Believe it or not, the world’s most viewed photograph was created on a whim.
You may not recognize the image by its name, “Bliss,” but you’ll know it when you see it. Viewed by over a billion people since it became Windows XP’s default desktop image, “Bliss” has long been the subject of speculation as many doubted that such a “perfect” hillside could exist beyond Photoshop.
With Microsoft’s recent abandonment of Windows XP on April 8 came another announcement: not only was the “Bliss” photograph a real location in California, but it was also created by Charles O’Rear on a Mamiya RZ67 medium format camera and he hadn’t altered it in the least. In homage to O’Rear’s legacy, Microsoft created this video revealing the story behind that iconic hillside:
January 1996 found O’Rear driving through the Californian countryside en route to visit his girlfriend (now wife) just after a storm. Somewhere along that winding country road, he noticed a spectacularly green hillside begging to be photographed. He obliged, pulling over and setting up his camera while the clouds rolled in. He created four frames that day and then packed away his gear and continued his drive, concluding, “I think that was pretty nice.”
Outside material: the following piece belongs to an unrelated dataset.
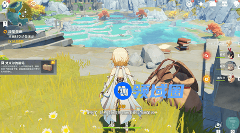 总而言之,梵米尔的画笔与颜料分别在[渌华池]的东西两岸,中东岸是画笔,西岸是颜料。由于这是内测未出现过的新任务,所以才会有很多旅行者找不到这两个任务道具的位置。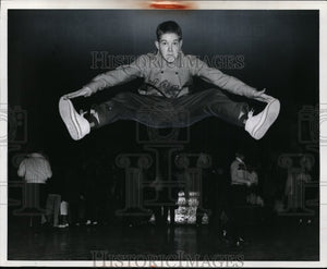 1959 Press Photo Skip Polom at Cathedral Latin cheer contest in Ohio

Apparently, Microsoft heartily agreed.
Shortly after O’Rear submitted the best of those four photographs to Corbis, an image licensing service founded by Bill Gates, Microsoft offered him one of the largest amounts ever paid for a single photograph. In fact, they offered so much that O’Rear wasn’t able to mail the original to Microsoft and instead had to fly to their headquarters to deliver it personally.
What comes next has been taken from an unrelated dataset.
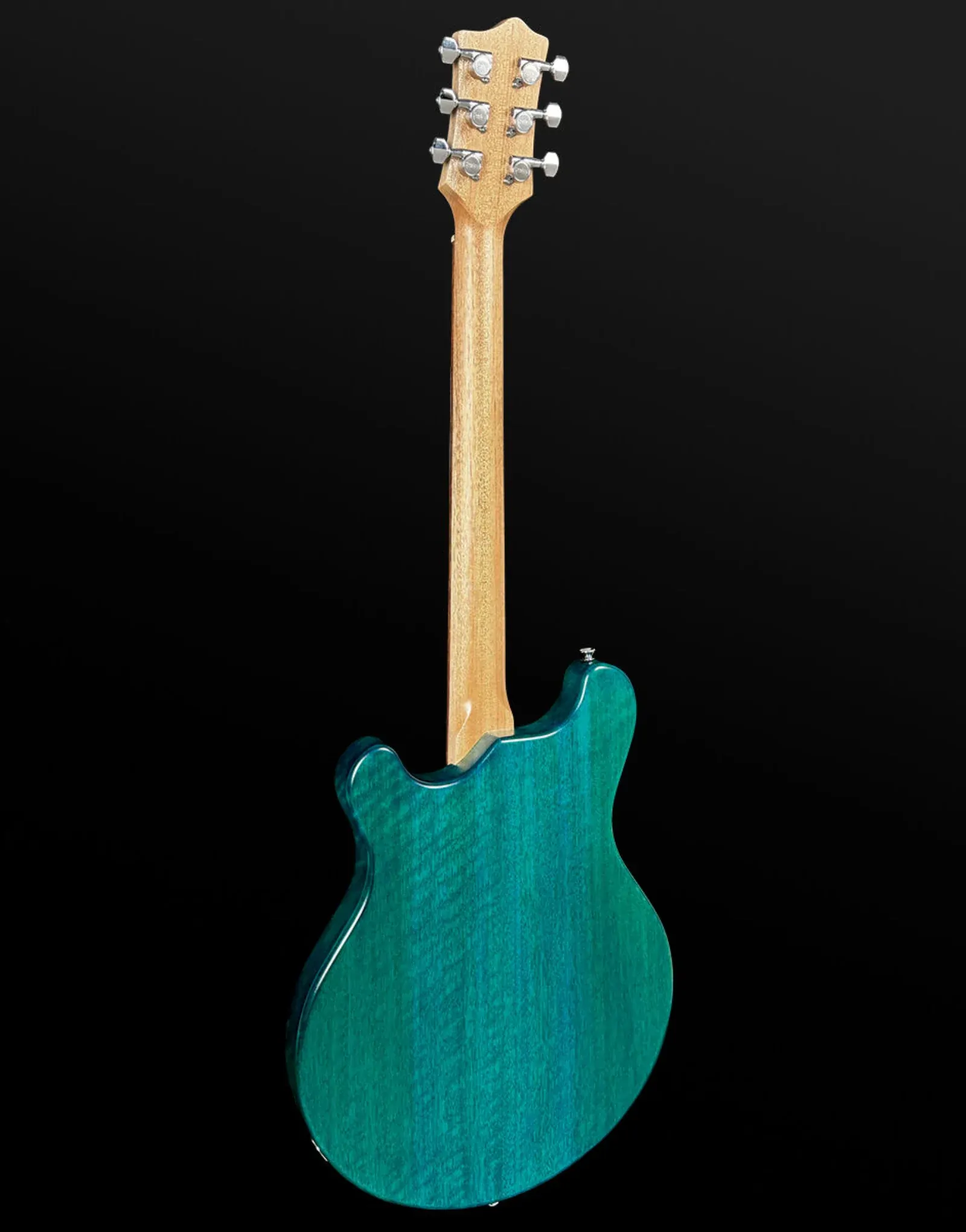The Pratley PRAP11-NB is a premium double-cut solid body electric guitar, expertly handcrafted in Australia. Constructed from Queensland Maple, it delivers a balanced, resonant tone with a natural warmth similar to Mahogany. The neck, made from Queensland Maple Silkwood, ensures smooth playability, while the Johnstone River Teak fretboard provides excellent stability. This guitar is fitted with a Graphtech wraparound bridge for precise intonation and sustain, along with premium Alnico II single-coil pickups that deliver clear, dynamic tones perfect for a variety of playing styles. Finished in a stunning Natural Blue satin nitrocellulose lacquer, it exudes vintage style and professional craftsmanship.

Since then, O’Rear has seen his photo everywhere, even places like the White House’s situation room and the Kremlin, and regrets having accepted a flat payment for the image instead of arranging a deal that would allow him to benefit from the image’s rampant public exposure.
“It was not a royalty type of situation,” O’Rear told Australia’s Sydney Morning Herald. “I should’ve negotiated a [better] deal and said, ‘Just give me a fraction of a cent for every time it’s seen and that would’ve been a nice arrangement.”
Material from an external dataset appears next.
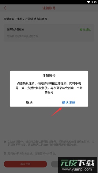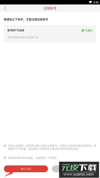 5、注销账号:等待条件满足通过,点击“确认注销”

Microsoft did boost the green of the grass and cropped the image to optimal screen size, but beyond that, O’Rear insists that “Bliss” is an unaltered image.
“On film, what you see is what you get,” he says. “There was nothing unusual. I used a film that had more brilliant colors—the Fuji film—at that time and the lenses of the RZ67 were just remarkable. The size of the camera and film together made the difference and I think helped the Bliss photograph stand out even more. I think if I’d have shot it with 35mm, it would not have nearly the same effect.”
O’Rear enjoyed a successful career shooting assignments for National Geographic, the Los Angeles Times, and other well-respected publications, but strangely enough, it’s an image taken on a whim that he will be remembered by.